Foreclosure stay can be broadly interpreted, 2nd Circuit affirms
The U.S. Court of Appeals for the Second Circuit on Wednesday affirmed foreclosure restrictions applied to a limited liability company that owned a property because a resident who had filed a bankruptcy petition held a majority interest in the LLC.
In the case, Bayview Loan Servicing v. Eileen Fogarty, the appeals court found that the mortgage company “willfully” violated an automatic foreclosure stay by proceeding despite its awareness of the petition. (Attempts to reach a legal representative for Bayview had been unsuccessful at the time of this writing.)
The case is a reminder that the courts tend to take an expansive view on bankruptcy-related restrictions to foreclosure, said Stephen Newman, a partner in Stroock & Stroock & Lavan’s financial services litigation, regulation and enforcement group.
“This is yet another message from the courts to the effect of: ‘If there’s a bankruptcy anywhere near the transaction, file a formal motion to lift the automatic stay,’” Newman said in an email.
Fogarty had filed the bankruptcy petition after Bayview had obtained a judgment that allowed it to proceed with a foreclosure sale. She then notified the servicer “that, in her view, proceeding with the foreclosure sale would violate the automatic stay,” according to court documents.
While the petition “may well have been filed in good faith,” its existence did risk “inconvenience and disruption to the court-ordered sale,” and that was an understandable concern for the servicer, the court said.
However, although the mortgage company could have addressed that concern through other means if it led to an “inequitable” situation, it didn’t, according to the court.

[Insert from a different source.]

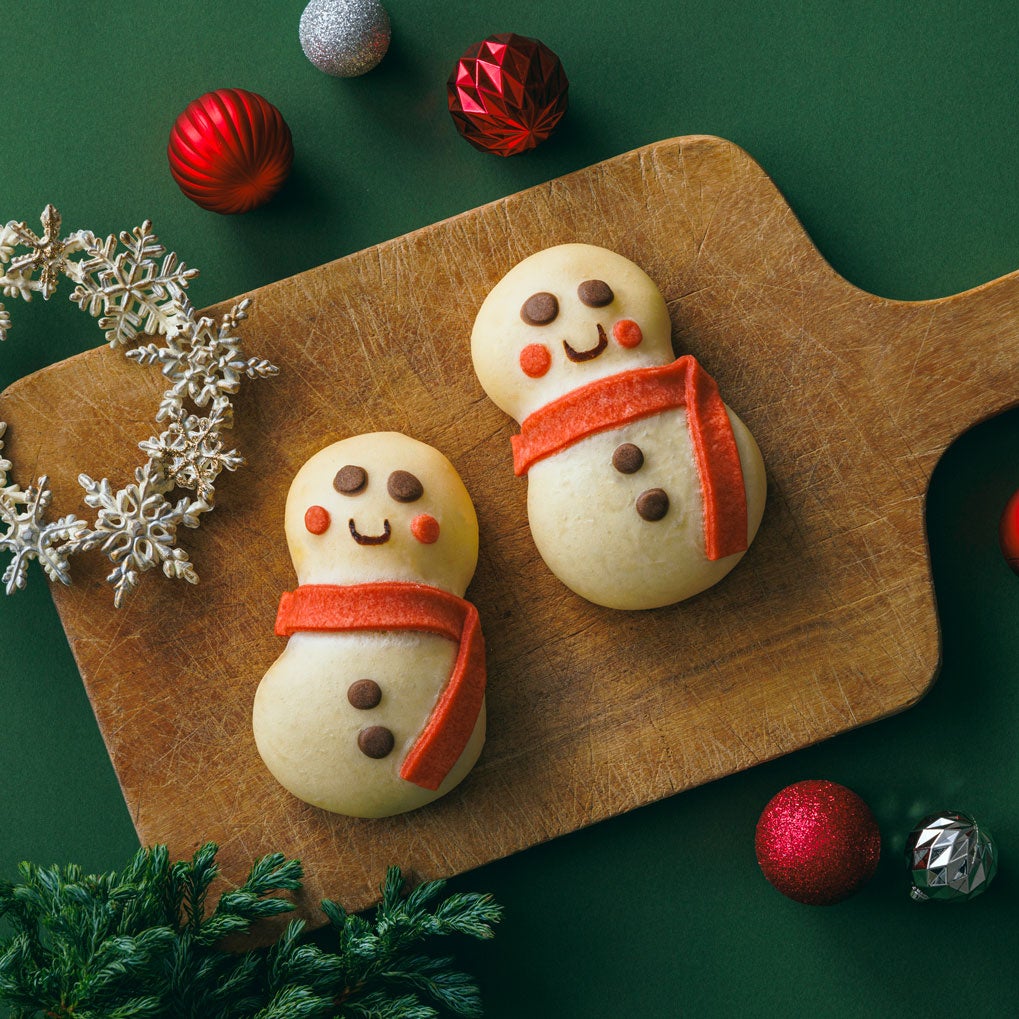 12月はクリスマスを彩るパンが多数登場。にっこり笑顔がかわいいスノーマンは、カスタークリームとチョコクリームの2種類の味が楽しめるスイーツパンです。子供から大人まで楽しめる味わいで心温まる美味しさをお楽しみいただけます。
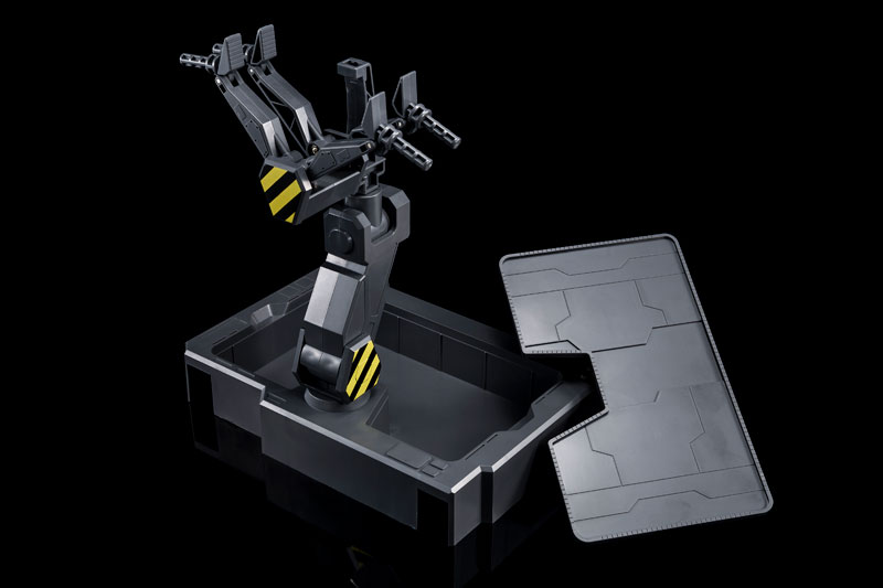 Pedestal body Pedestal auxiliary parts Main pillar/post parts Post replacement attachment Departure ship hook arm Instruction manual Explanation Planning cooperation/design: Hiroyuki Motoki (T-REX) A movable display stand that can display Arcadia’s 1/60 scale Macross products. It is mainly a product that can be attached to the Macross Complete Transformation Series (variable fighter), and features an appearance that incorporates the world view of Macross. Auxiliary legs are included for the pedestal to prevent it from tipping over due to large models or display angles. The angle of the main pillar can be adjusted forward, backward, left and right, and the base of the main pillar and the base of the pillar (tip part) can be rotated left and right. If you remove the top plate of the pedestal, there is a space for storing small items. The hook arm that appeared in the movie is also included.

“Here, Bayview did not avail itself of that means. Accordingly, we must conclude that Bayview violated the automatic stay when it proceeded with the sale after Fogarty filed her bankruptcy petition,” the appeals court said.
This suggests that “the safest source of action is to ask the court for relief from [a] stay even…when it’s believed that the bankruptcy case isn’t filed in good faith,” said Newman.
Overall, delinquency rates have been historically low, but foreclosure activity has increased from a year ago as pandemic-related restrictions and relief have been rolled back, heightening the need to pay attention to legal requirements around the process.
Although in May the mortgage market had just a 0.33% foreclosure rate, it was 17.55% higher than 12 months earlier, according to Black Knight’s latest Mortgage Monitor report. Also, a rising share of the small number of borrowers still in the process of exiting pandemic-related forbearance are requesting modifications of loan terms due to long-term reductions in incomes. Early analyses indicate that 10% of borrowers who had payment suspensions could redefault.